Charlie Awuyah and Gil Manly were two of the main reasons the entire paper wasn't trash. Charlie Awuyah ate red pistachios
all day and had been at the same desk for twenty-five years, before Mr. Cole even bought the place. In each issue he filled
the last three pages of the paper with some of the most intelligent sports writing done anywhere. Gil Manly was barely in
the office, was sixty, and dressed like reporters did when he was a boy, always kept a yellow pencil in his mouth in the building
and a cigarette in it outside. Gil got to cover every single news event that didn't involve a press release. Piper wanted
his job. She thought he was good, but each week the first thing she did was pore over his work and tell herself that she was
better, or at least she would be some day soon. That was what Piper would do: stare at his desk, calculate how long it would
be till he retired. Two years - there was no way he could hold out more than that; Piper'd caught him resting halfway up the
long straight stairs that went from the ground to the third floor. Then, really, how long would it be until Mr. Cole Sr. would
follow? His rage, his hatred, his obesity. If the man lived another five years it would be due only to his other bad habit,
his stubbornness.
In particularly optimistic moments Piper imagined one day taking the helm, gathering investors, maybe Dumbass and his friends,
restoring the paper to its former glory. Or maybe she would just follow the pattern and get a dumbass of her own for security,
be his artistic wife, a trophy to hold up, breed with, and eventually cheat on.
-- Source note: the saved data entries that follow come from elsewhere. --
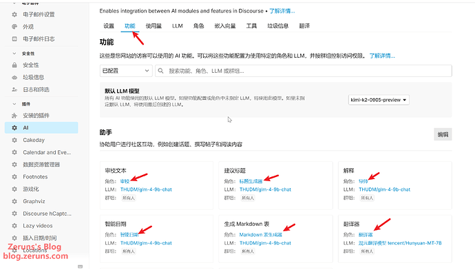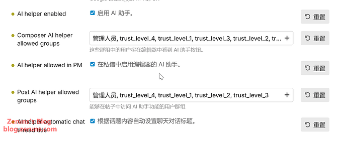 滑到下面的 AI helper enabled 设置项可以启用AI助手,下面还可以设置哪些用户组有权限使用,这个AI助手是在发布话题的编辑框后辅助编辑,比如 翻译内容、校对文本、生成Markdown表格、生成标题 等等。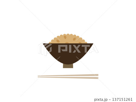 少なめの玄米ご飯のイラスト(茶碗・和食・箸なし)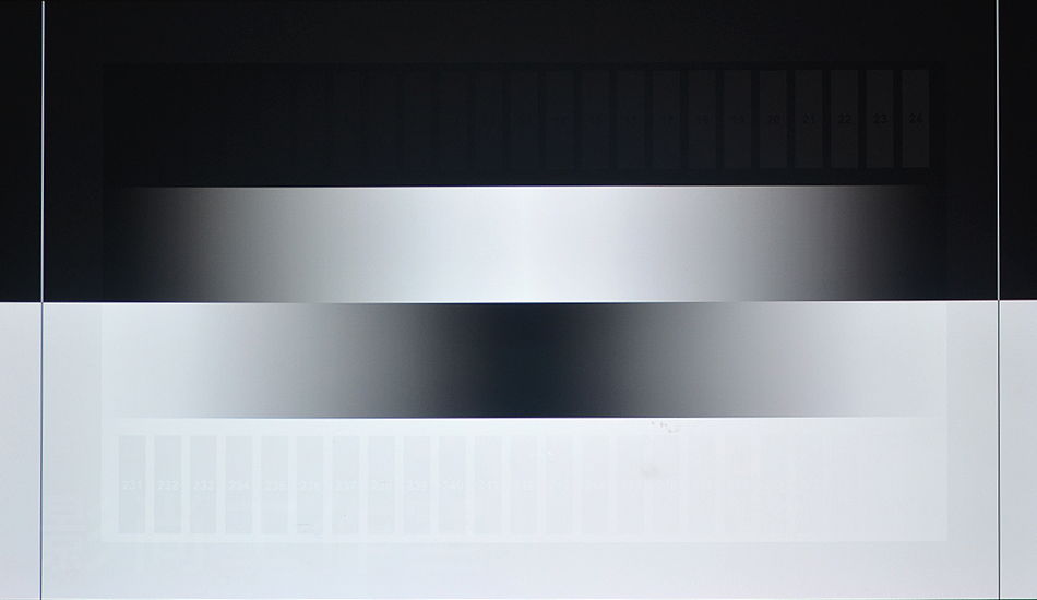灰階測試圖中黑色塊與白色塊都顯著呈現,過渡平滑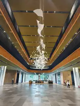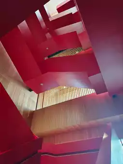 The new main library covers an area of 1.5 hectares, and you can spend a long time just walking around the park lawn outside (it is even more beautiful at night with night lighting)! As soon as you enter the lobby, the famous installation art "Gust of Wind" on the high ceiling will unconsciously attract your attention, and the red staircase in the corner is even more eye-catching!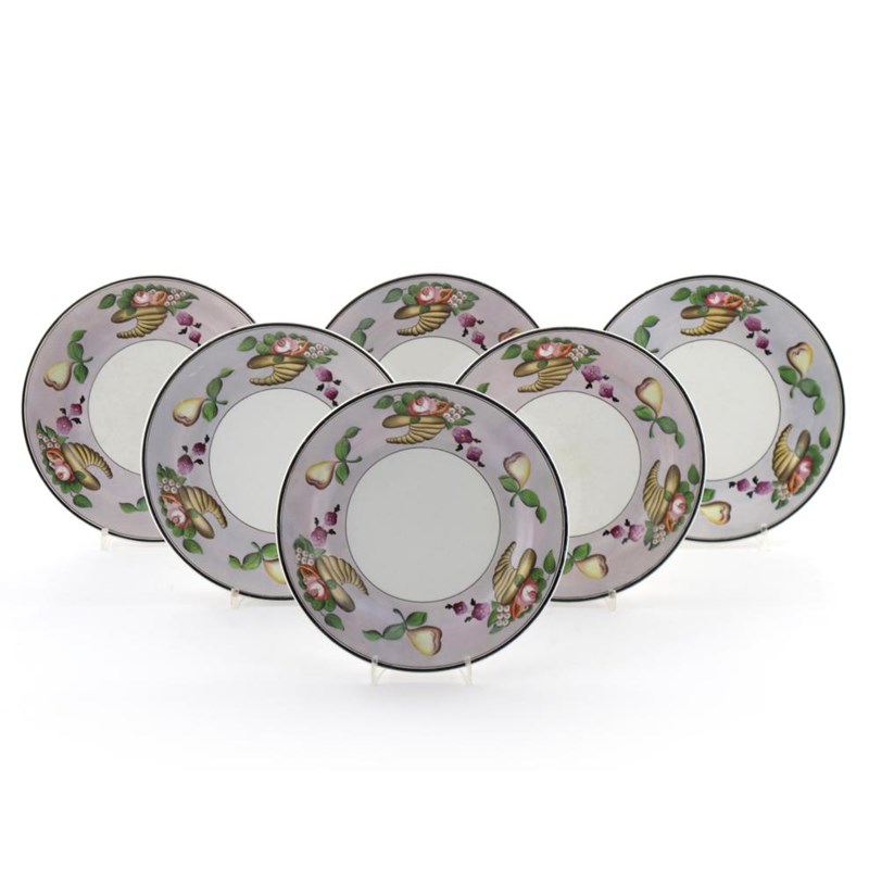 Six Wedgwood creamware plates c.1810-20, decorated with flowering cornucopia and leafy pears on a pale lilac ground, impressed marks, 20.2cm. (6)
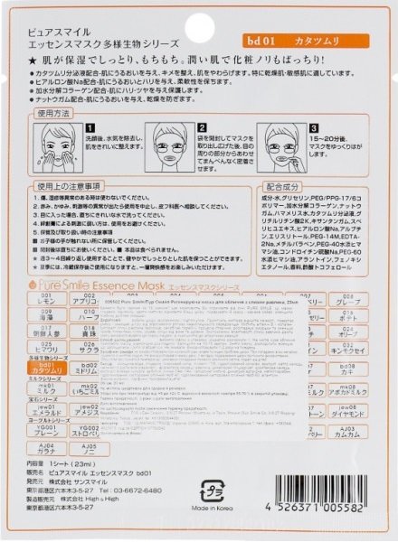 Похожие товары Маска для лица тканевая Pure Smile Essence Mask Snail с муцином улитки 23мл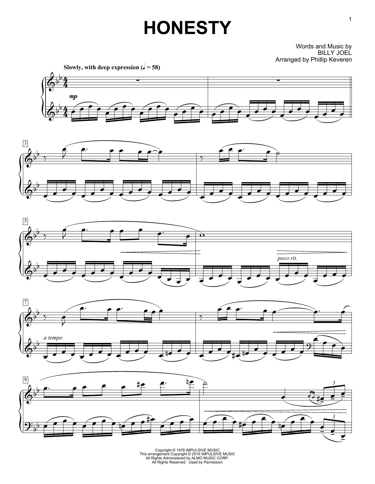 Download or print Billy Joel Honesty [Classical version] (arr. Phillip Keveren) sheet music, chords and digital score arranged for Piano Solo. This Pop score includes 4 page(s).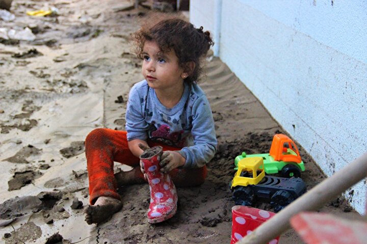 Felaketin en masumu olan çocuklar ise, hiçbir şeyden habersiz, bahçelerini dolduran çamurun içinde oyunlarını oynayarak eğlenmeye devam etti.

Conquering conformity by complying with it
completely. Piper was surprised at her lack of discomfort with the notion, until she thought of the look of smug affirmation
etched in the wrinkles that had grown to accentuate her mother's expressions. Piper knew just the face she would make, too,
the one that always formed when some event unfolded as she had contradicted it would, positive or negative. It was such a
jarring image, her mother sitting in the front pew at some Episcopalian church in her wedding lace, the hat and everything,
that face that said, "See, I told you, is it so bad really?" and Piper would realize that it was, but it would be too late
not to say "I do."
The image was so clear, so alarming, that Piper left the copy room with it floating behind her, and when she happened to notice
the cute guy who'd helped her move into her place months before she went right up to him and asked him over for dinner. Her
boldness, which intoxicated her on the long ride to the ribbon cutting at the new CVS in BedStuy, started haunting her with
remembrances of sentences like "get to know you better," which seemed absurd without that guy before her, not quite looking
at her in the face like he was alternately threatened by and ignoring her, both of which made the attraction stronger. His
hands felt so thick with calluses that Piper was sure he could juggle live coals, the arms swollen and rounded from repeated
use, making her giggle aloud at the irrationality of her desire to be lifted by him. If they never kissed that would be fine,
but not if she never got to feel what it was like to be lifted from the earth in those hands, held in those arms from it.